Comparison of Selection Parameters for Stylus and Laser Roughness Measuring Instruments

A stylus-type roughness measuring instrument performs contact scanning to measure two-dimensional profile parameters according to standards such as ISO 4287. It is suitable for most solid materials but may scratch soft surfaces. The laser-type instrument employs non-contact optical principles, referencing ISO 25178, enabling rapid three-dimensional surface scanning without damaging samples. However, adjustments may be required for highly reflective or transparent surfaces. Selection should consider sample characteristics, parameter requirements, and standard compliance. The stylus-type is highly recognized for traditional two-dimensional parameter measurements, while the laser-type offers advantages in non-contact and three-dimensional measurements.

Introduction

In the field of surface topography analysis, roughness measurement is a critical part of evaluating the surface quality of a workpiece. Choosing the right measuring instrument is crucial to ensure data accuracy and suitability. At present, stylus and laser are two mainstream roughness measurement technologies, and there are significant differences in their working principles, performance characteristics and application scenarios. This article will systematically compare the two technologies from the aspects of technical principles, key parameters, applicable standards and selection considerations, aiming to provide a selection reference for professionals in related fields.

How it works:

The stylus roughness gauge performs a contact scan of the workpiece surface with a diamond stylus. The vertical displacement of the stylus is converted into an electrical signal by the sensor, which reconstructs the surface profile. Its measurement is directly dependent on physical contact and generally follows the definition of the contact profile method in standards such as ISO 4287 and ASME B46.1.

The laser roughness measuring instrument adopts the principle of non-contact optics. A beam of laser is focused on the surface being measured, inverting surface height information by detecting spot position, intensity, or phase changes in reflected or scattered light. Common techniques include laser triangulation, confocal microscopy, etc., and their methodologies often refer to the section of the ISO 25178 series on non-contact 3D surface measurement.

Comparison of key parameters

The following table summarizes the key features of both technologies from multiple dimensions.

Measurement principle	Physical contact scanning
	Optical non-contact detection
Lateral resolution	Depends on stylus tip radius (typically 2 μm, 5 μm, etc.)
	Depending on the laser spot diameter (sub-micron possible)
Vertical resolution	Usually down to the nanometer
	It can reach the nanometer or sub-nanometer level
Measure speed	Relatively slow, limited by mechanical scanning
	Faster and can perform area scanning
Effect on samples	May scratch soft or sensitive surfaces
	There is basically no physical impact
Applicable surfaces	Most solid materials are not suitable for soft, sticky or damaging surfaces with needle tips
	Most materials, but may require special treatments for highly reflective, transparent, or light-absorbing surfaces
Typical standard	ISO 4287, ASME B46.1
	ISO 25178

Selection considerations

When choosing a measurement method, the following factors should be evaluated comprehensively:

Characteristics of the tested sample:The material's hardness, brittleness, reflectivity, transparency, and whether the surface allows contact are the primary considerations. For scratch-prone or flexible samples, non-contact is more suitable.

Measurement parameter requirements:If traditional 2D profile parameters (e.g., Ra, Rz) need to be strictly followed, the stylus method is widely accepted. If 3D area parameters (e.g. Sa, Sz) or fast area scanning are required, the laser type is more advantageous.

Measurement environment:Stylus is relatively sensitive to ambient vibrations, while some laser instruments may require ambient light or cleanliness.

Data traceability and standards compliance:In specific industries, such as precision manufacturing, quality control may explicitly require the use of methods and data that meet specific contact measurement standards.

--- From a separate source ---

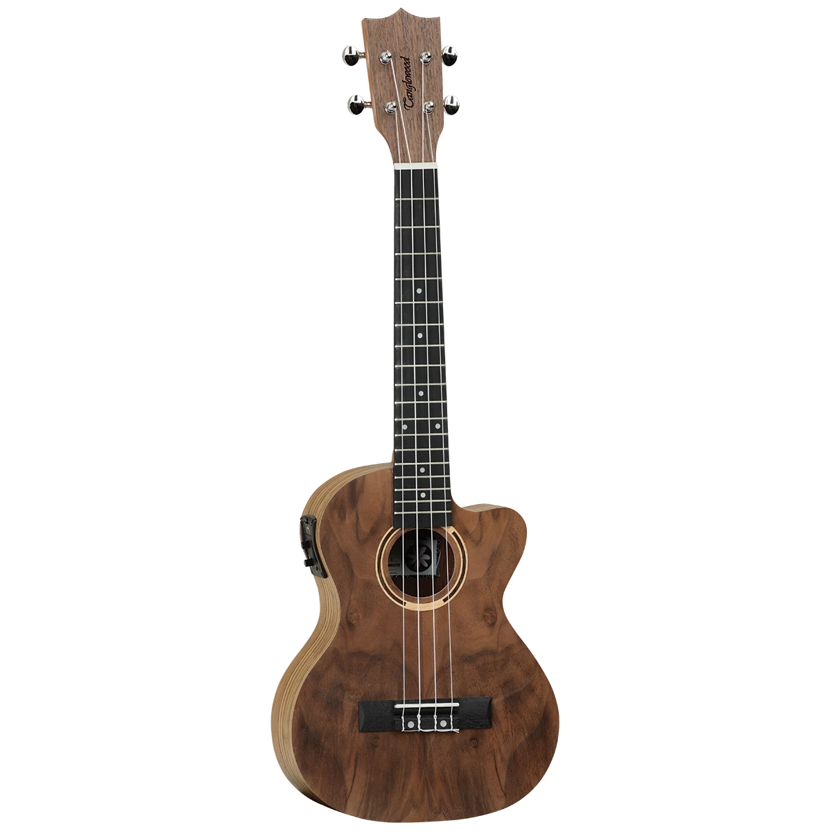 Our biggest design feature is the Tiare arched backs, for a truely authentic ukulele. The range covers a multitude of deluxe timbers including Flame Mahogany, Black Walnut, Spruce, Koa, Spalt Maple, Cedar, Figured Ovangkol & Figured Pacific Walnut, to name a few. Other features include Supernylgut Aquila strings, laser etched & abalone rosettes and premium gloss & satin finishes.

Technology development trends

Both technologies are constantly evolving. The stylus instrument continues to improve in terms of reducing force measurement and improving scanning efficiency. Laser and other optical technologies have made significant progress in improving the adaptability to complex material surfaces, measurement speed, and data processing algorithms. Hybrid measurement systems are also starting to emerge to combine the advantages of different technologies.

Conclusion

Both stylus and laser roughness measuring instruments have their own clear areas of application and limitations. The stylus type has the advantages of high standard compliance and direct measurement in the measurement of two-dimensional contour parameters. The laser type excels in non-contact, fast 3D measurement and fragile surface inspection. The fundamental reason for the selection is to match the characteristics of the measurement technology to the characteristics of the workpiece to be measured, the specific parameter requirements and the technical standards to be followed. It is recommended that users conduct sufficient sample testing and method verification before selection.

References

1. Working principle part: refer to the definition of measurement methods in the international standards ISO 4287 and ISO 25178.
2. Comparison of key parameters: synthesize multiple instrument technology white papers and discussions on measurement technology comparison in academic journals.
3. Selection considerations: The recommendations on the selection of measurement methods in the application guidelines issued by various standards bodies are cited.